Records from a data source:
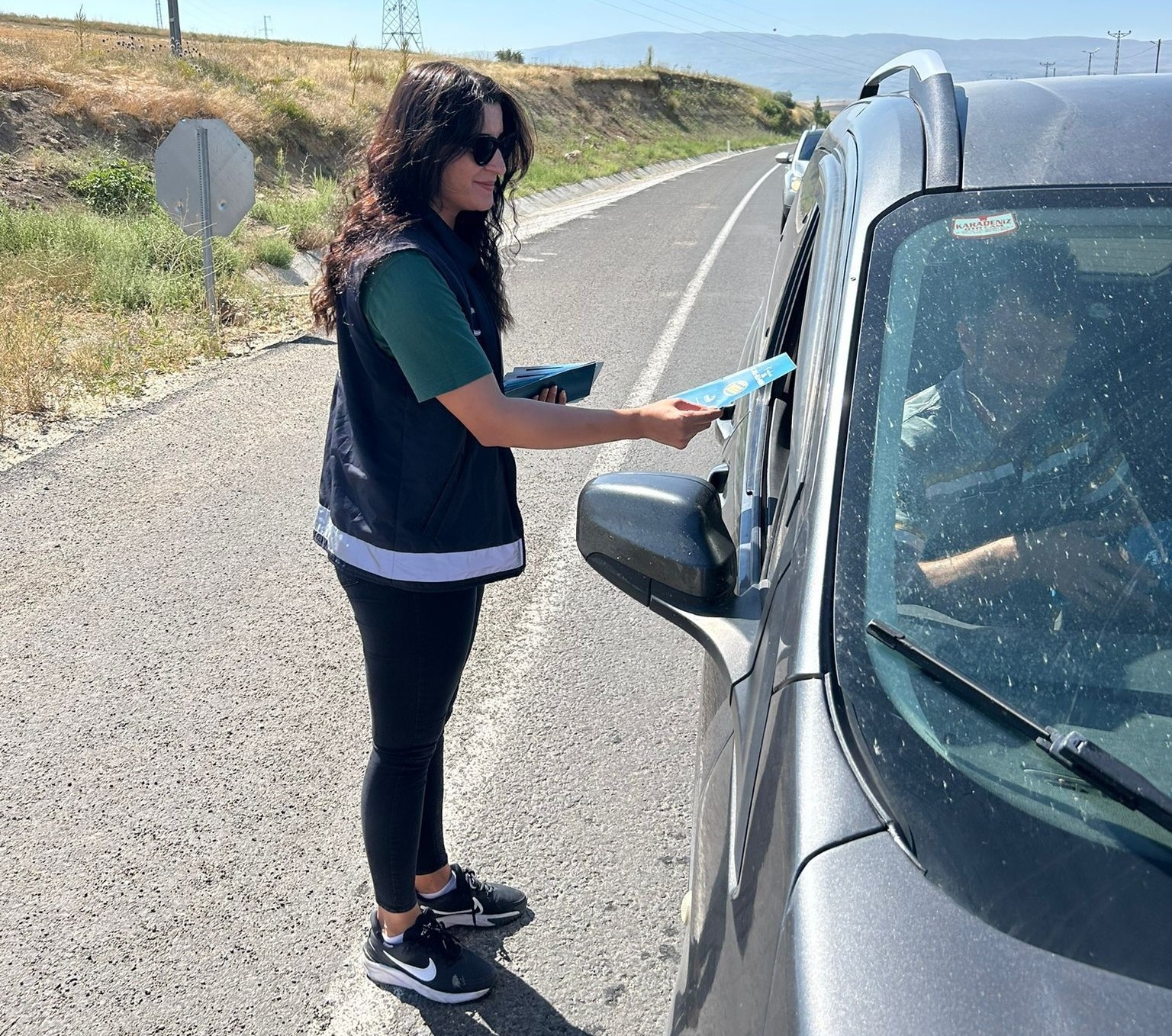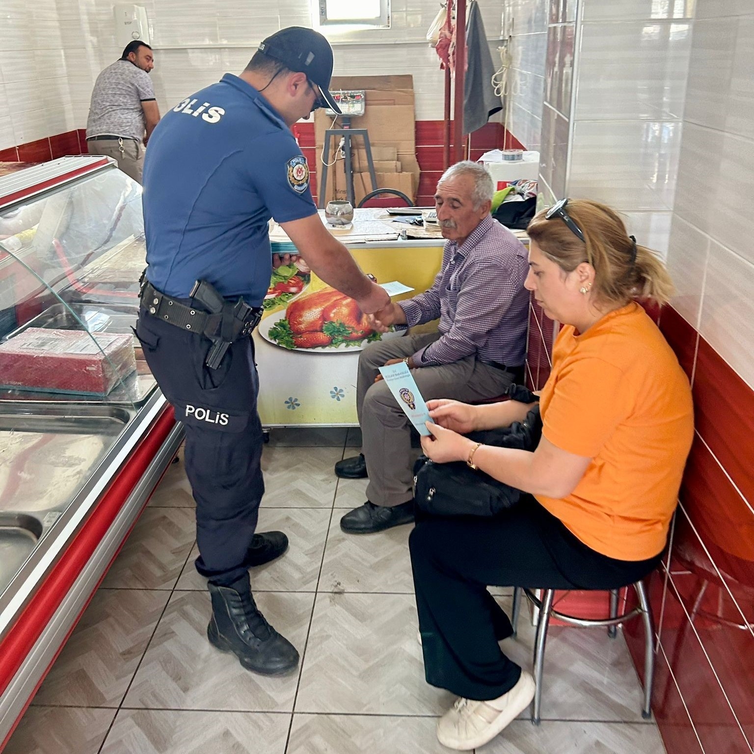 Erzurum'un Hınıs ilçesinde polis vatandaşa uyarıcı broşürler dağıttı, kadına şiddet konusunda bilgilendirme yaptı.
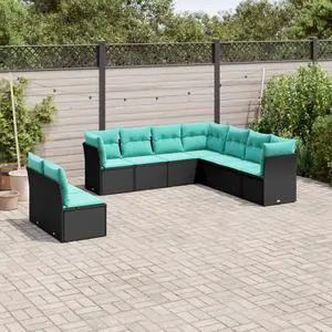 vidaXL Patio Sofa Set with Cushions Outdoor Furniture 9 Piece Black Poly Rattan
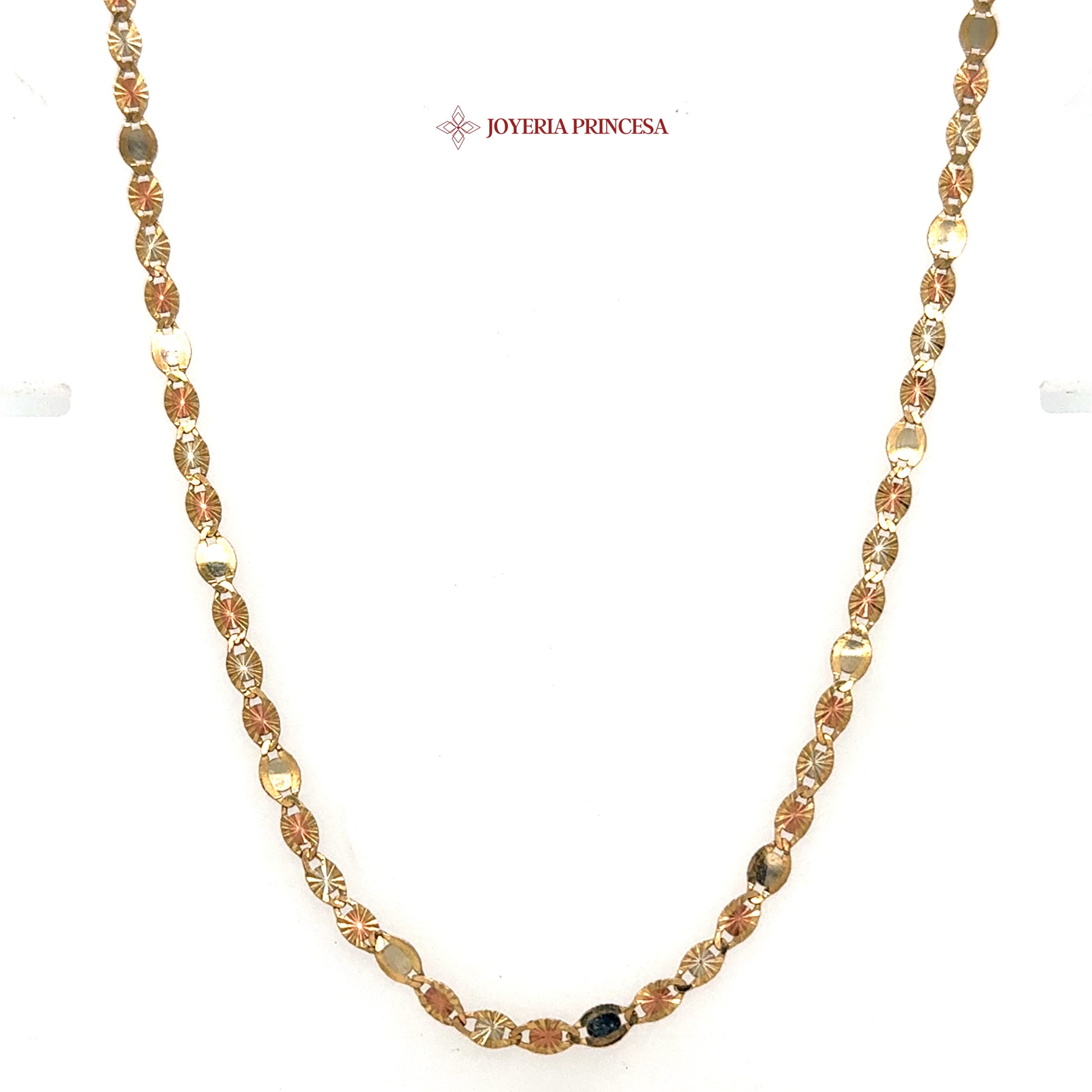 This exquisite Star Valentino Necklace features a stunning interplay of shiny gold and rose gold links, enhanced by intricate diamond-cut detailing for captivating brilliance.
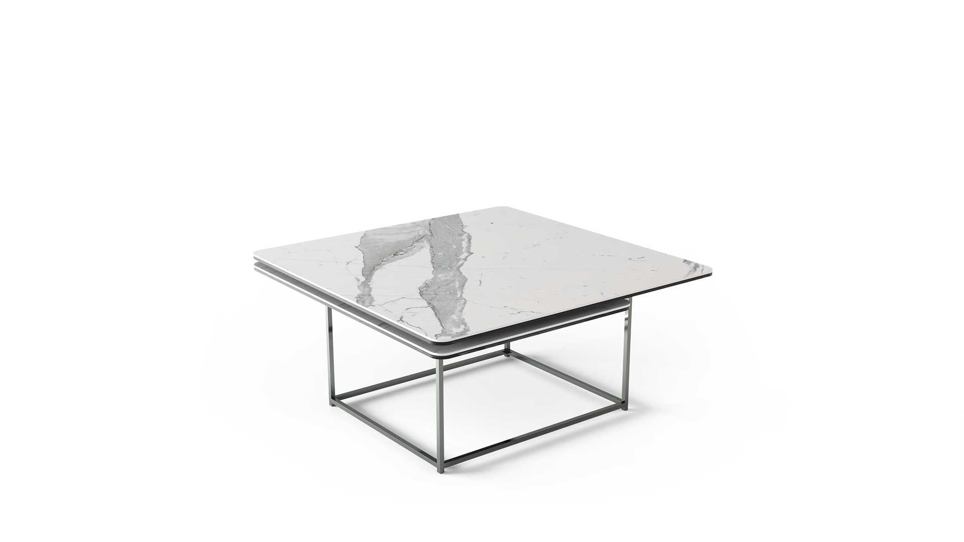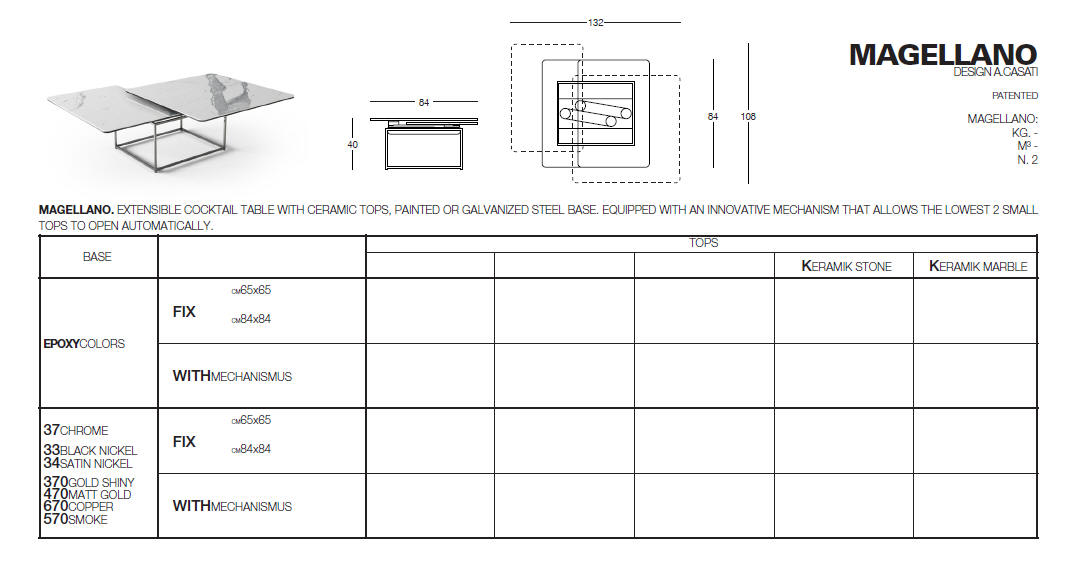Designerski włoski stolik kawowy MAGELLANO - stolik o ciekawym designie; podstawa metalowa; blaty ceramiczne lub marmurowe. Stolik może być wyposażony w mechanizm rozkładający.
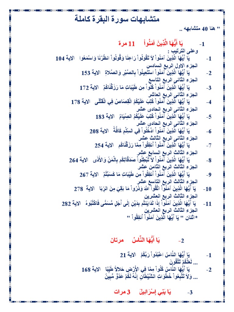 متشابهات سوره البقره مع نفسها البسيــط في علــم التجــويــد فيسبوك
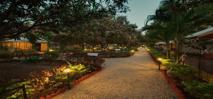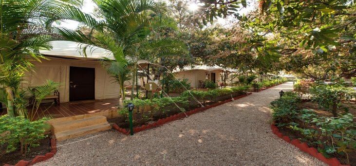 The Lion Safari Camp er beliggende ved Gir National Park i en privat mangoplantage med udsigt til Hiran River. På beliggenheden ser man i øjeblikket omkring 900 mangotræer, selvom kun 2 % af det samlede areal er beplantet. Dette skyldes, at man ønsker at bibeholde områdets naturlige balance.
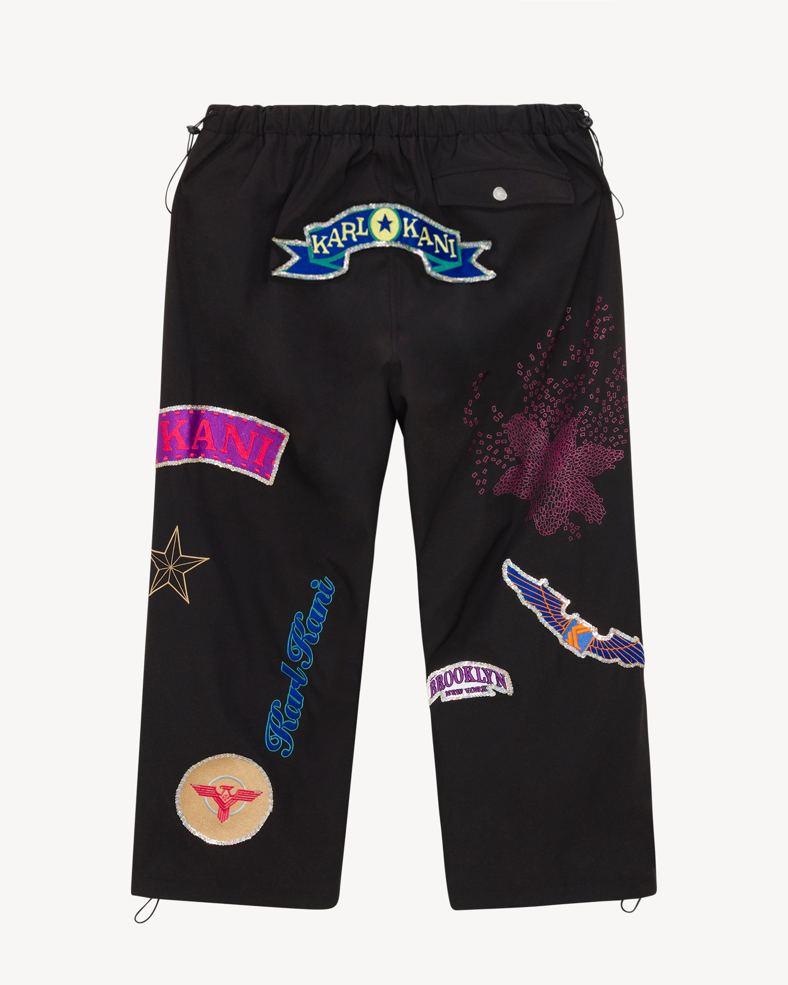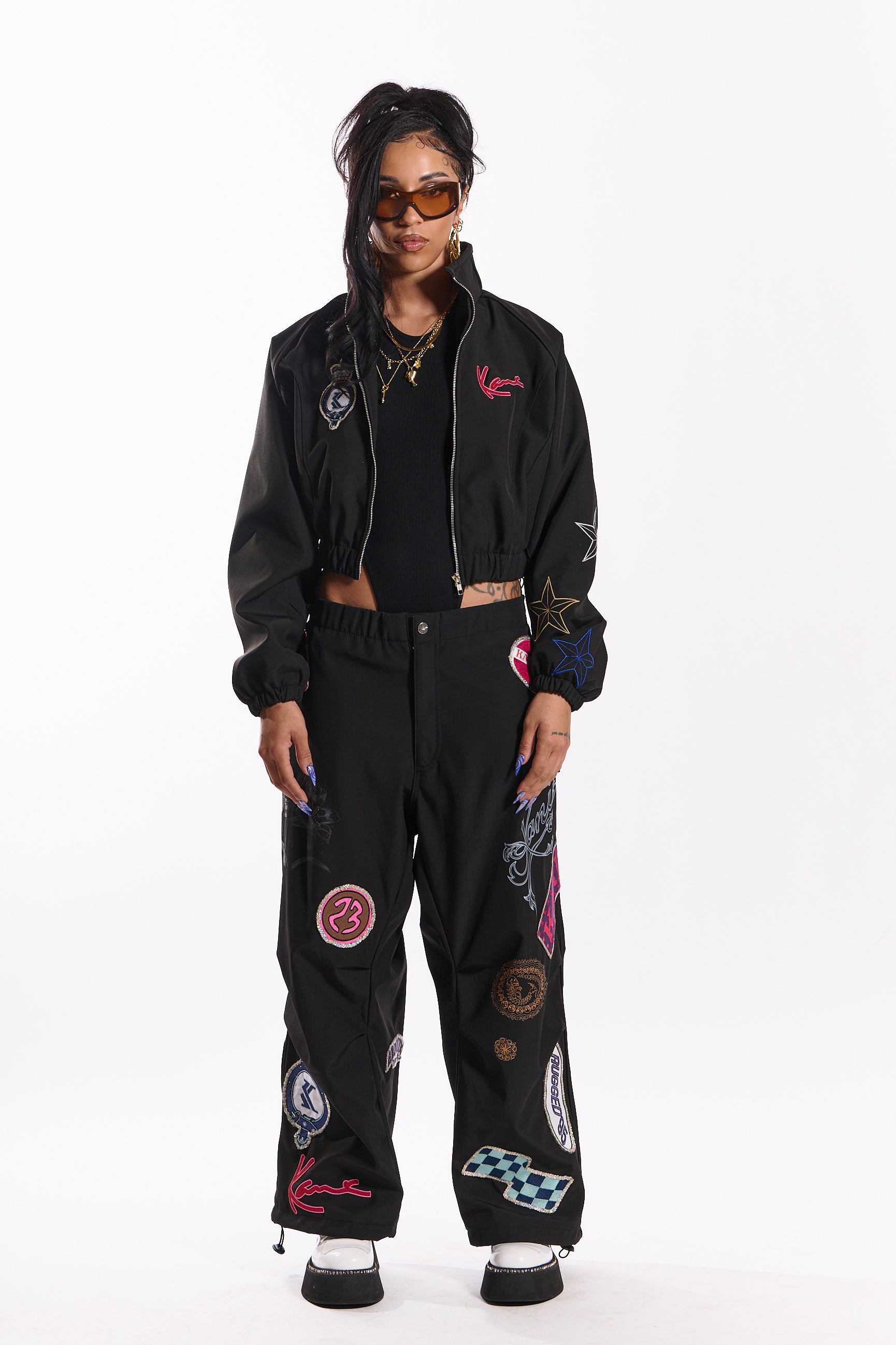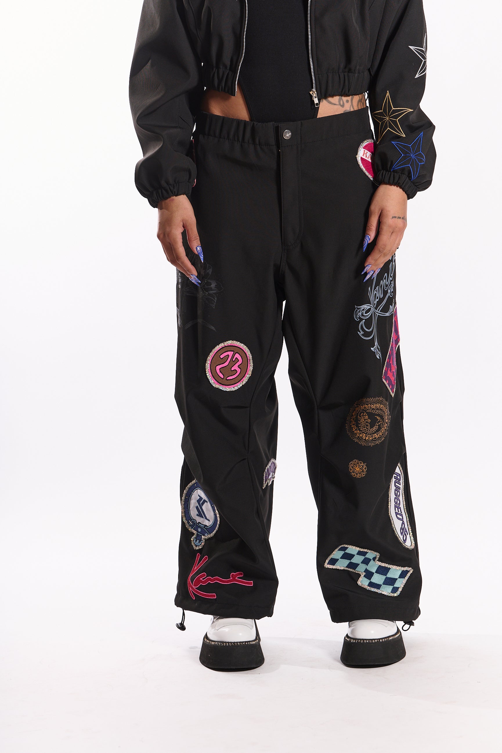 Make a statement in the “Rock” joggers, crafted from premium nylon fabric in classic noir black. Featuring bold sequin patches and embroidered details, these joggers blend luxury and streetwear attitude. Designed with an elastic waistband and toggle drawcord hems for a perfect custom fit.
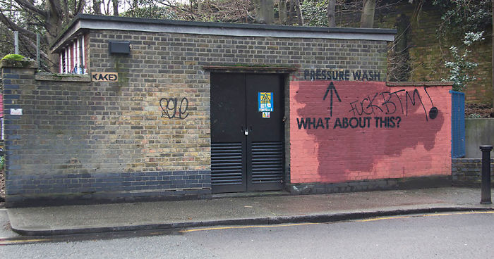 “I cycled past this street of London on the way to work for years,” he writes on his website. “I noticed that graffiti stencil painted within the red area was ‘buffed’ with red paint. However, graffiti outside of the red area would be removed via pressure washing. This prompted the start of an experiment, or, if you like, an act of vandalism. Unlike other works, I was very uncertain as to what results it would yield. Below is what transpired over the course of a year.”
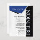 Det finns inga misstag - det här är en klassåterförening som sparar datumkortet. Den sofistikerade utformningen i blått, svart, silver och vitt är ett klokt sätt att tillkännage det kommande evenemanget. Diskret grått rand i bakgrunden tillför intresse och djup till utformningen.
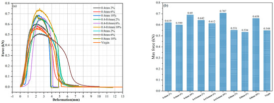 Figure 20 depicts the force–displacement data obtained from the monotonic tensile test, showing the maximum tensile force recorded for each specimen. Typically, the addition of fibers enhances the tensile strength of bituminous mortars [40]. Interestingly, when containing 6% reed fiber, the mortar showed the lowest strength among groups with similar fiber lengths, even demonstrating lower strength at 5 °C compared to the mortar without added fiber. The error bars suggest that the influence of fiber addition on tensile strength is not definitively clear. Nonetheless, at 20 °C, the addition of 2% 0.4–0.6 mm and 0.8 mm fibers showed significant increases of 3.09 and 2.59 times, respectively. This enhancement can be attributed to the reinforcing effect of fiber stiffness on the matrix, which is more pronounced at higher temperatures due to improved blending.

• **Exercise objective**
Pictures aside, reproduce every record exactly as it stands.

• **Exercise result**
 Erzurum'un Hınıs ilçesinde polis vatandaşa uyarıcı broşürler dağıttı, kadına şiddet konusunda bilgilendirme yaptı.
 vidaXL Patio Sofa Set with Cushions Outdoor Furniture 9 Piece Black Poly Rattan
 This exquisite Star Valentino Necklace features a stunning interplay of shiny gold and rose gold links, enhanced by intricate diamond-cut detailing for captivating brilliance.
Designerski włoski stolik kawowy MAGELLANO - stolik o ciekawym designie; podstawa metalowa; blaty ceramiczne lub marmurowe. Stolik może być wyposażony w mechanizm rozkładający.
 متشابهات سوره البقره مع نفسها البسيــط في علــم التجــويــد فيسبوك
 The Lion Safari Camp er beliggende ved Gir National Park i en privat mangoplantage med udsigt til Hiran River. På beliggenheden ser man i øjeblikket omkring 900 mangotræer, selvom kun 2 % af det samlede areal er beplantet. Dette skyldes, at man ønsker at bibeholde områdets naturlige balance.
 Make a statement in the “Rock” joggers, crafted from premium nylon fabric in classic noir black. Featuring bold sequin patches and embroidered details, these joggers blend luxury and streetwear attitude. Designed with an elastic waistband and toggle drawcord hems for a perfect custom fit.
 “I cycled past this street of London on the way to work for years,” he writes on his website. “I noticed that graffiti stencil painted within the red area was ‘buffed’ with red paint. However, graffiti outside of the red area would be removed via pressure washing. This prompted the start of an experiment, or, if you like, an act of vandalism. Unlike other works, I was very uncertain as to what results it would yield. Below is what transpired over the course of a year.”
 Det finns inga misstag - det här är en klassåterförening som sparar datumkortet. Den sofistikerade utformningen i blått, svart, silver och vitt är ett klokt sätt att tillkännage det kommande evenemanget. Diskret grått rand i bakgrunden tillför intresse och djup till utformningen.
 Figure 20 depicts the force–displacement data obtained from the monotonic tensile test, showing the maximum tensile force recorded for each specimen. Typically, the addition of fibers enhances the tensile strength of bituminous mortars [40]. Interestingly, when containing 6% reed fiber, the mortar showed the lowest strength among groups with similar fiber lengths, even demonstrating lower strength at 5 °C compared to the mortar without added fiber. The error bars suggest that the influence of fiber addition on tensile strength is not definitively clear. Nonetheless, at 20 °C, the addition of 2% 0.4–0.6 mm and 0.8 mm fibers showed significant increases of 3.09 and 2.59 times, respectively. This enhancement can be attributed to the reinforcing effect of fiber stiffness on the matrix, which is more pronounced at higher temperatures due to improved blending.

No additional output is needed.